Background on Stagnation

Stagnation and its Hazards

 'Stagnation', or 'stagnation conditions', occur when the solar collector cannot adequately reject the absorbed solar heat to its primary heat transfer fluid. This results in the collector and heat transfer fluid reaching temperatures far exceeding that of their designed limits. This can happen during sunny period power failures, component failures, system servicing or repair, and pump-controller intervention due to energy storage capacity limitations, etc.[1]

Overheating in solar thermal collectors during periods of stagnation is an issue faced by designers and manufacturers which can lead to enormous problems for installers and owners.
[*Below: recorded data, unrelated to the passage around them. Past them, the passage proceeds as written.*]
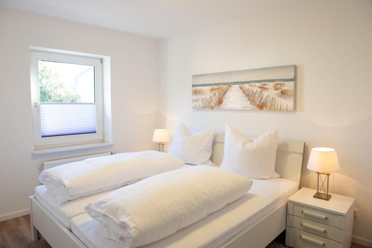 Die Ferienwohnung Deichnähe E liegt im 1.OG, verfügt über zwei getrennte Schlafzimmer, davon ist ein Schlafzimmer mit Doppelbett, Sat/TV, Außenrolladen und das zweite Schlafzimmer mit einem weiteren Doppelbett und Verdunklungs.-Plissees ausgestattet.
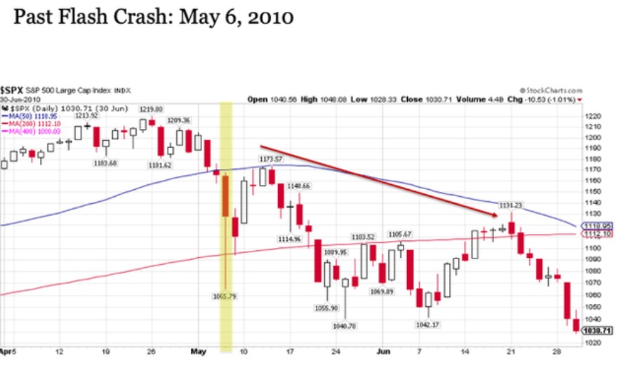 2010年5月6日,标普500指数突然暴跌近10%,随后迅速站稳脚跟,在交易日结束时收复了大部分失地。尽管标普500指数最终在5月中旬一路上涨,但50日移动均线却因闪电崩盘而被彻底打破,最终导致股市在重新测试这一关键阻力位时失败,然后回档下行。事实证明,5月6日的闪电崩盘预示着最终持续到6月底的进一步下跌。当时,美联储刚刚结束了它的第一个量化宽松计划,这让股市失去了投资者多年来熟悉并沉迷其中的流动性支柱。
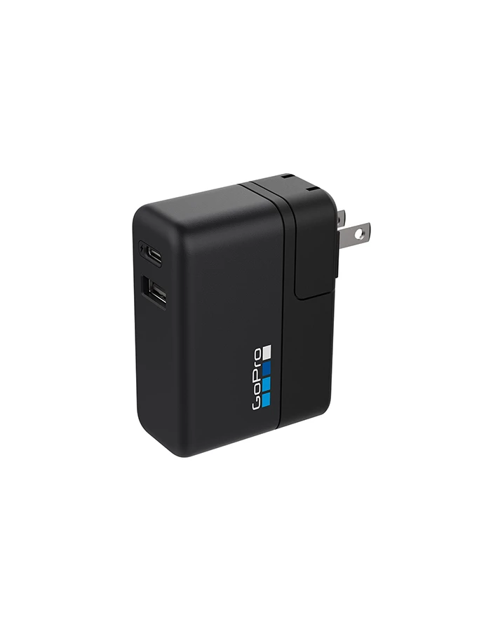 The fastest way to charge your GoPro, the 27.5W Supercharger (International Dual-Port Charger) lets you charge two GoPro devices simultaneously—anywhere in the world. The USB-C port offers 20 to 70% faster charging on fast-charge compatible devices1 compared to using a conventional charger.2Â
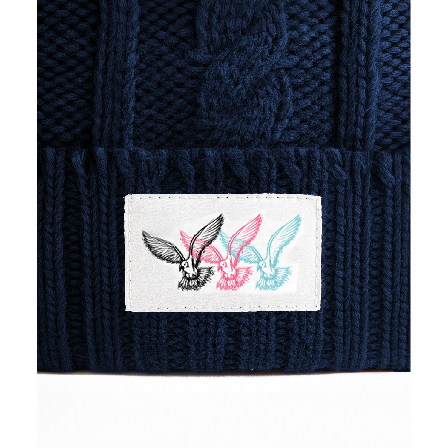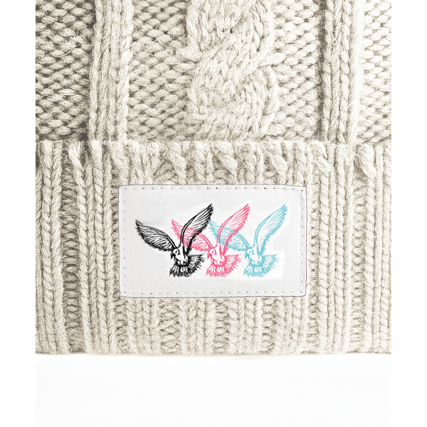 - Charismatisches Weblabel mit dreifachem Möwen-Motiv in Schwarz, Pink und Türkis – Sinnbild für Freiheit und Lebensfreude
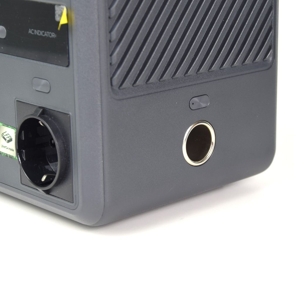 Портативна електростанція потужністю 600Вт / 384Вт·год з літій-залізофосфатною батареєю LiFePO4, 1 євро-розетка форма вихідного сигналу чиста синусоїда, 1 вихідний порт постійного струму 12В / 10А, 2 порти USB-A, 1 порт TYPE-C, світлодіодне підсвічування 5Вт. 6 пристроїв можна заряджати одночасно. Легка конструкція із ручкою.
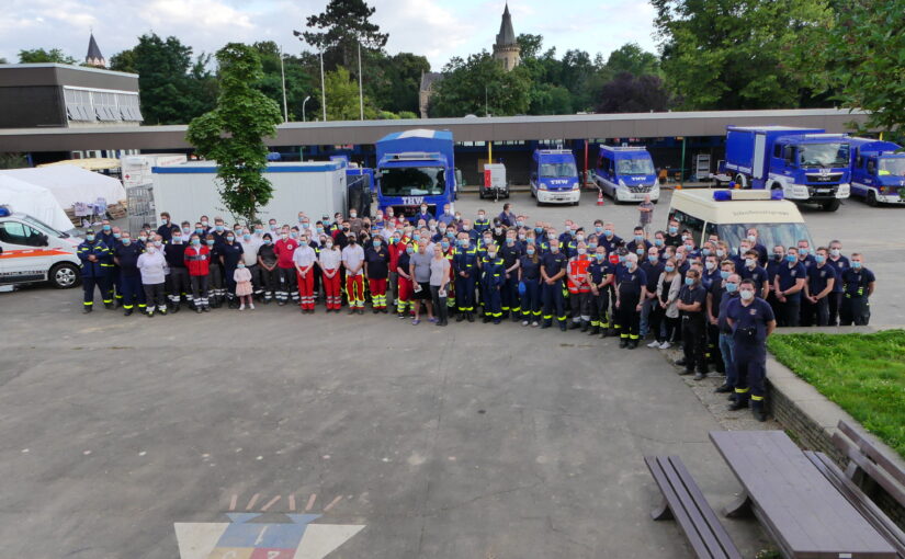 Gestern gedachten die Hilfskräfte von u. a. Feuerwehr, THW, DRK und Polizei den Opfern der Flutkatastrophe.

The degree to which stagnation impacts collector and system performance varies by system and region, but current methods of dealing with stagnation are costly, labour intensive, and unreliable.

Stagnation issues are so prevalent and detrimental that part of the main functions of the German Solar Thermal Technology Platform (DSTTP) established in December, 2010 will be to seek better ways to control stagnation temperatures without reducing efficiency while lowering costs. [2] 

A cost effective and reliable method of stagnation control in solar thermal collectors will help improve system performance, reduce maintenance costs and extend the life of both domestic and commercial solar thermal systems.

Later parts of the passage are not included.